> Prompt: From the line containing "Our band entertained" down to the line containing "Fig. 4 Carcasses", copy out the entries below exactly, both lines included, and nothing else; pictures do not belong in the copy.

Stored entries
○ ○ ○ ○ ○ ○ ○

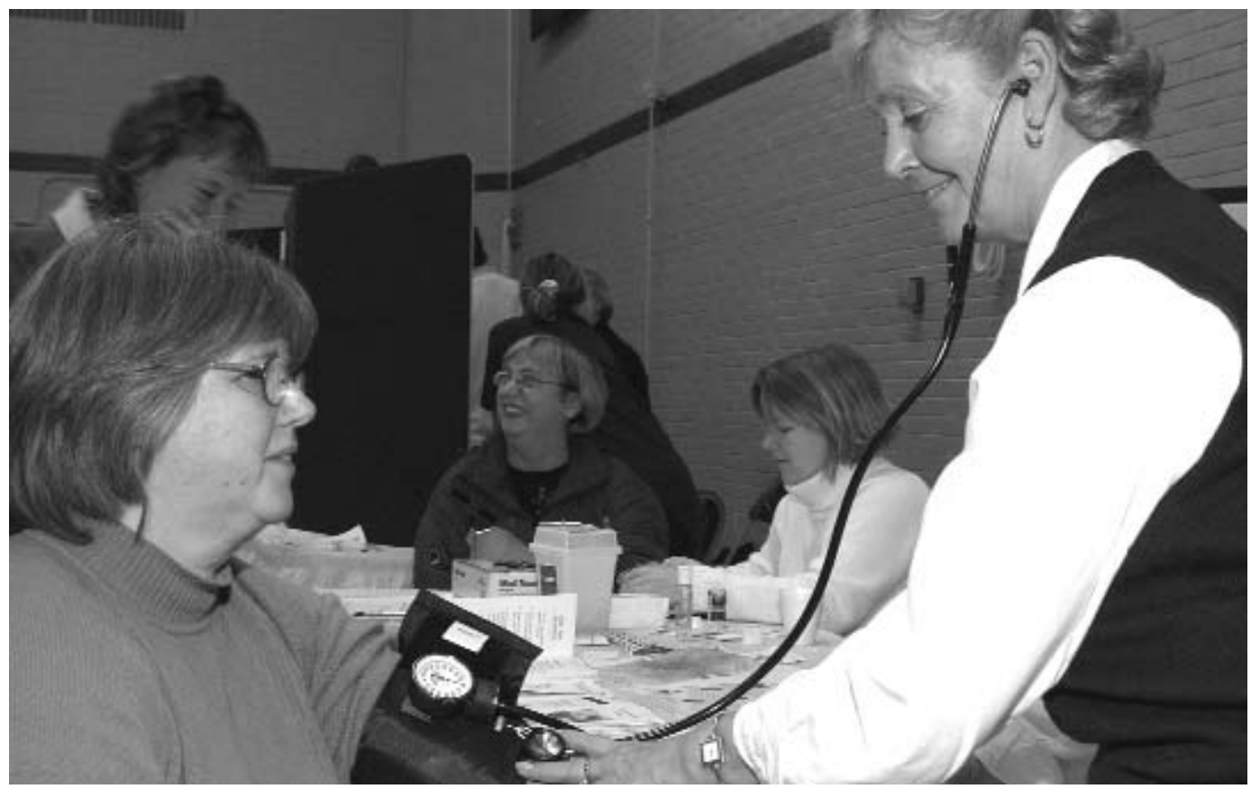
Calm under pressure: VON nurse taking the blood pressure of a MUN employee at the recent health fair.
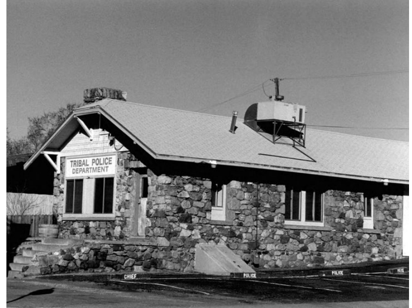
Field Matron's Cottage, Reno-Sparks Indian Colony (listed in the National Register of Historic Places in 2003)
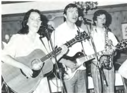
Our band entertained everyone on the last evening.
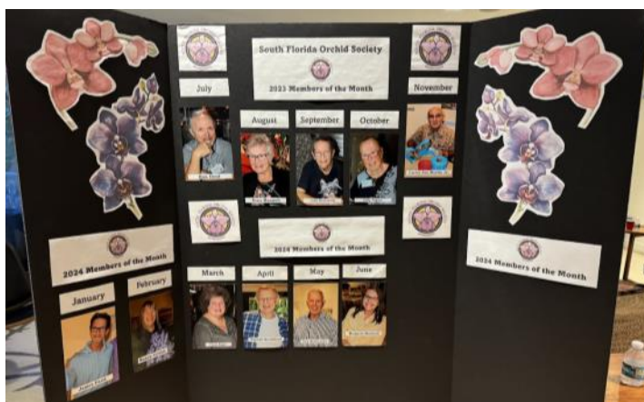
SFOS Members of the Month!
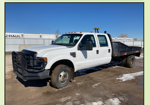
2008 FORD F350XL 4X4 CREW CAB FLATBED TRUCK
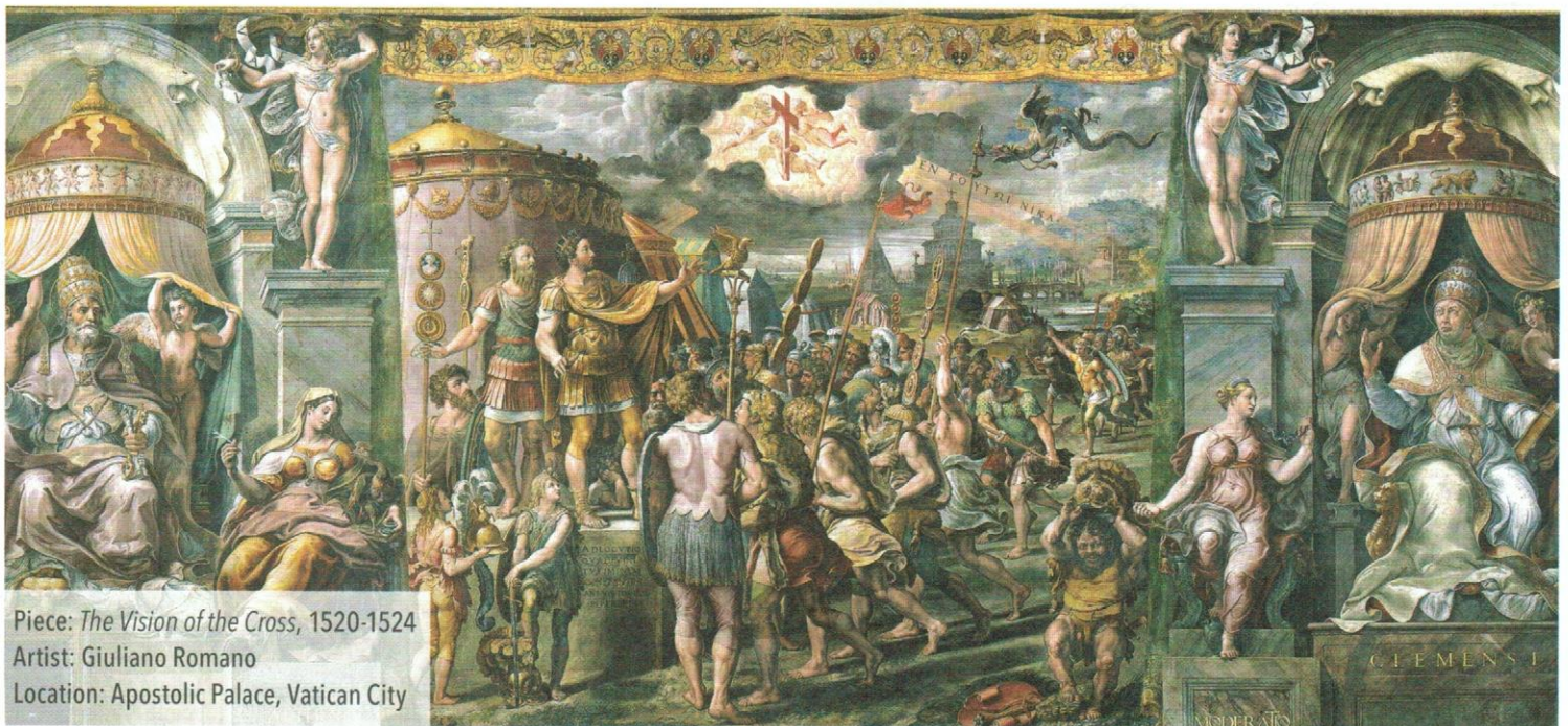
Piece: The Vision of the Cross , 1520-1524

Do I give more credence to fads or feel-good philosophies than to the truth revealed by Jesus?
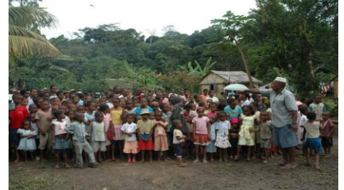
Pupils from the FITAMA cooperative supported by Mane/Floribis
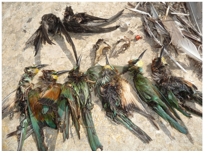
Fig. 4 Carcasses of migratory birds, including Bee-eaters Merops apiaster and Swifts Apus sp. , discovered by the German NGO Committee Against Bird Slaughter on the Dwejra Lines, Malta.

Metaphors are, most social scientists agree, discursive techniques. It must be noted that, in contrast to common parlance, social science does not simply equate 'discourse' with 'speech'. Rather, discourse is seen as incorporating a broader range of sign-systems that carry meaning, including spoken language, bodily gesture, art and music. These expressive techniques in turn reflect the way individuals think about the world and order it into categories (see Bourdieu 1977). Thus metaphors should not be seen solely as fancy linguistic
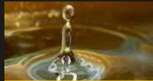
GASOLINE 93 OCTANE
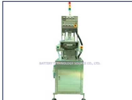
HM-10MS Semiautomatic top cover heat sealing machine
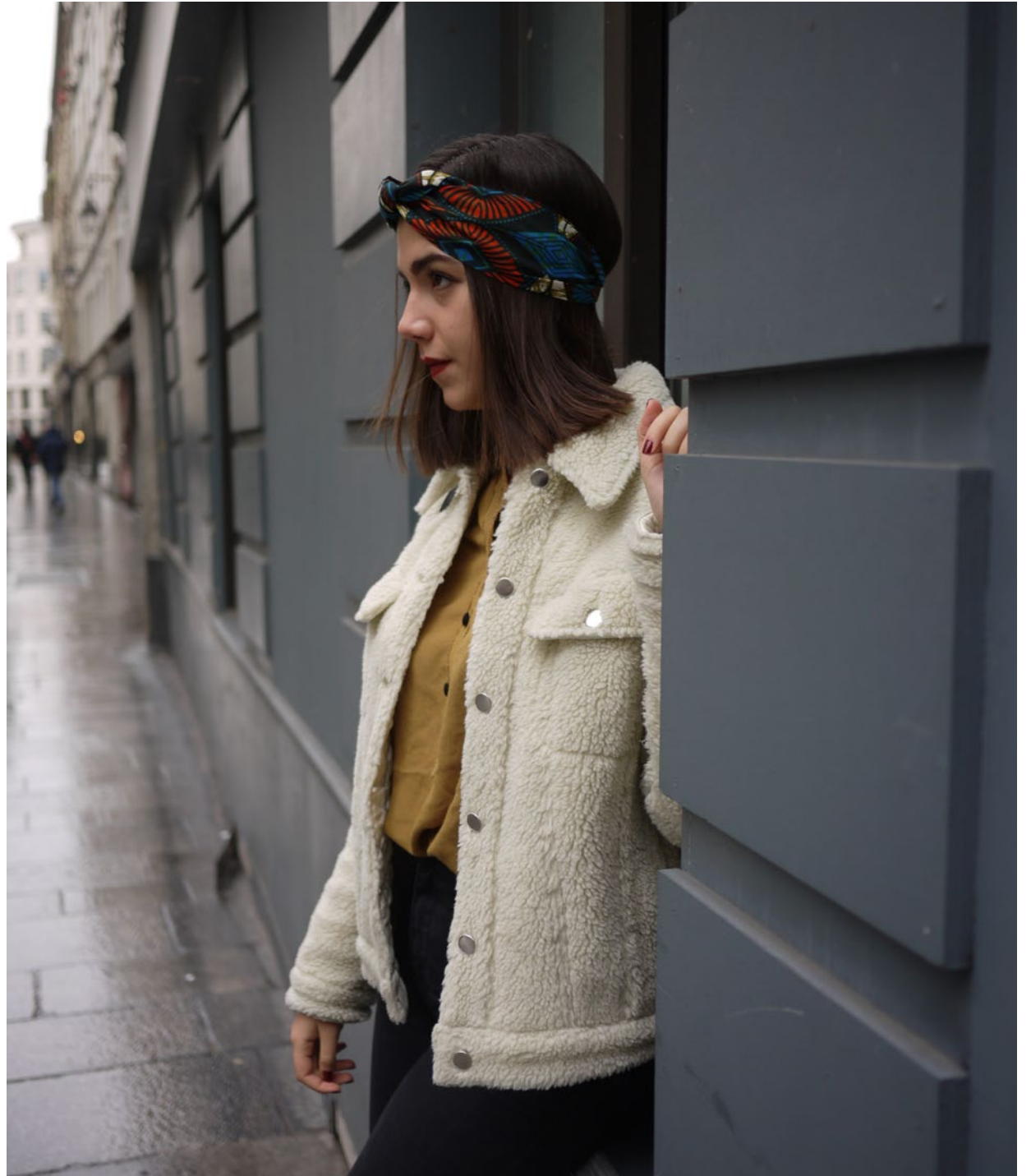
Headband Delma - Made in Paris

○ ○ ○ ○ ○ ○ ○

> Task output:
Our band entertained everyone on the last evening.
SFOS Members of the Month!
2008 FORD F350XL 4X4 CREW CAB FLATBED TRUCK
Piece: The Vision of the Cross , 1520-1524

Do I give more credence to fads or feel-good philosophies than to the truth revealed by Jesus?
Pupils from the FITAMA cooperative supported by Mane/Floribis
Fig. 4 Carcasses of migratory birds, including Bee-eaters Merops apiaster and Swifts Apus sp. , discovered by the German NGO Committee Against Bird Slaughter on the Dwejra Lines, Malta.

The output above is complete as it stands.